S13, acquiring position information of each hand key point in the depth image.
As an optional implementation manner of the embodiment of the present invention, the position information of each hand key point in the depth image is a pixel coordinate of each hand key point in the depth image.
Specifically, the pixel coordinates of each hand key point in the depth image may be determined according to the pixel points corresponding to each hand key point in the depth image.
And S14, mapping the position information of each hand key point in the depth image into the position information of each hand key point in the gesture image.
As an optional implementation manner of the embodiment of the present invention, the position information of each hand key point in the gesture image is the pixel coordinate of each hand key point in the gesture image.
As an optional implementation manner of the embodiment of the present invention, the implementation manner of the step S14 (mapping the position information of each hand key point in the depth image to the position information of each hand key point in the gesture image) may include the following steps a to d:
and a step a of calibrating the first image acquisition device to acquire the internal parameters of the first image acquisition device and the external parameters of the first image acquisition device.
Specifically, in the image measurement process and the machine vision application, in order to determine the correlation between the three-dimensional geometric position of a point on the surface of a space object and the corresponding pixel point in the image, a geometric model of camera imaging must be established, wherein parameters of the geometric model are an internal parameter and an external parameter of the camera, and the process of establishing the geometric model of camera imaging is called camera calibration.
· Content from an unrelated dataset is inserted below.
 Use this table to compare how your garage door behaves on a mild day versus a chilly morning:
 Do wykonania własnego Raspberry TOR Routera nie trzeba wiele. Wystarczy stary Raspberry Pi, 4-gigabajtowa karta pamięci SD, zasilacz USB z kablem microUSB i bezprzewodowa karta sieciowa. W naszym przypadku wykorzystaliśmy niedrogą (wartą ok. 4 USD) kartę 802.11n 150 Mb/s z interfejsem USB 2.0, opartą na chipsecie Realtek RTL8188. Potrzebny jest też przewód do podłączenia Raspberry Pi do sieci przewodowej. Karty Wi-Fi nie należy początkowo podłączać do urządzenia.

Wherein, the intrinsic parameters of the camera are parameters related to the characteristics of the camera, including: the focal length, pixel size, luminous flux, etc. of the camera, and the external parameters of the camera are used to describe information such as the position, rotation angle, etc. of the camera in the real world (world coordinate system).
Optionally, an implementation manner of calibrating the first image acquisition device may include: shooting a calibration object through a first image acquisition device, and obtaining a camera model of the first image acquisition device by establishing correspondence between points with known coordinates on the calibration object and corresponding pixel points of the calibration object and utilizing a certain algorithm so as to obtain internal parameters and external parameters of the first image acquisition device.
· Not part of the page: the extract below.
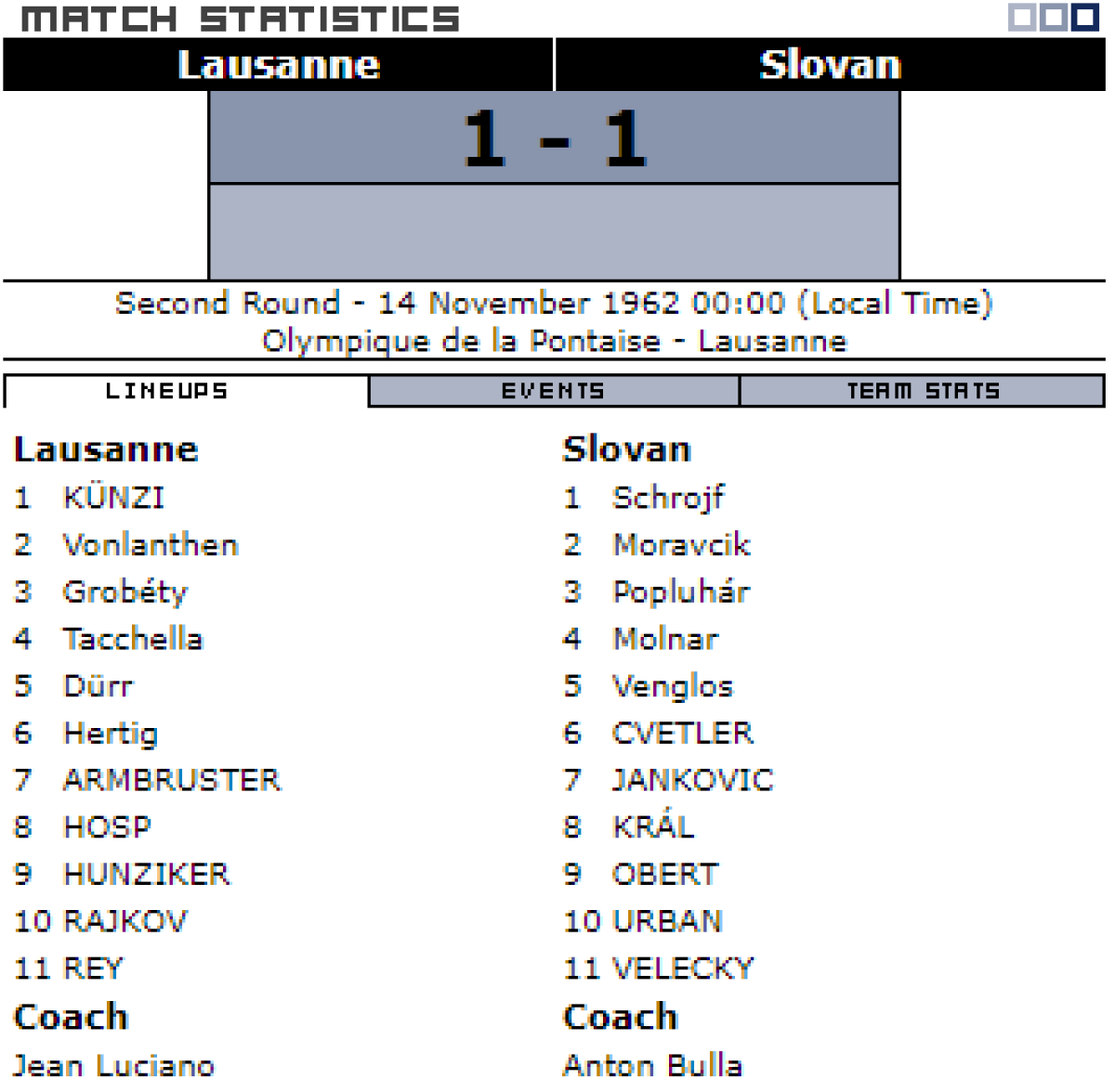 «Лозанна-Спортс» Лозанна - «Слован» Братислава - 1:1

And b, calibrating the second image acquisition device to acquire the internal parameters of the second image acquisition device and the external parameters of the second image acquisition device.
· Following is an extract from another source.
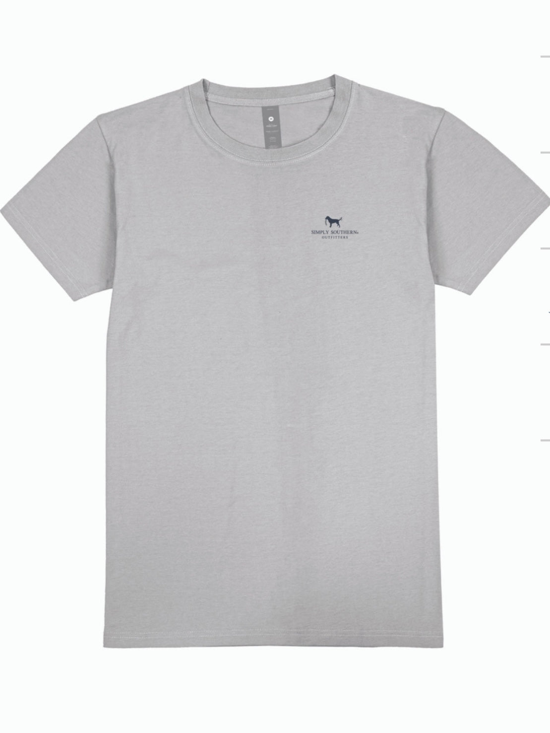Fog grey short sleeve shirt with the phrase ' Just a good ol' 'merican dude' There is a flamingo with a USA flag hat holding a can of beer. Simply Southern logo below and on left chest. 100% cotton. Unisex sizing.

The implementation manner of calibrating the second image acquisition device is similar to that of calibrating the first image acquisition device in the step a, and is not described herein.
And c, acquiring a rotation parameter and a position parameter according to the external parameter of the first image acquisition device and the external parameter of the second image acquisition device.
The rotation parameter is used for representing the rotation relation between the second image acquisition device and the first image acquisition device, and the position parameter is used for representing the position relation between the second image acquisition device and the first image acquisition device.
That is, the rotational relationship and the positional relationship between the first image capturing device and the second image capturing device are obtained by the external parameters of the first image capturing device and the external parameters of the second image capturing device.
Illustratively, the external parameters of the camera are used to describe information such as the position, rotation angle, etc. of the camera in the real world (world coordinate system), and set up: the external parameters of the first image acquisition device include that the position coordinates of the first image acquisition device in the world coordinate system are (x) 1 、y 1 、z 1 ) And the rotation angle of the first image acquisition device is alpha, and the external parameters of the second image acquisition device comprise the position coordinate of the second image acquisition device in the world coordinate system as (x) 2 、y 2 、z 2 ) And the rotation angle of the second image acquisition device is beta, the position parameter is T, and the rotation parameter is R, then the method comprises the following steps:
T=(x 2 -x 1 ,y 2 -y 1 ,z 2 -z 1 )
R=β-α
and d, acquiring pixel coordinates of each hand key point in the gesture image according to the pixel coordinates of each hand key point in the depth image, the internal parameters of the first image acquisition device, the internal parameters of the second image acquisition device, the rotation parameters, the position parameters and the depth values of each hand key point.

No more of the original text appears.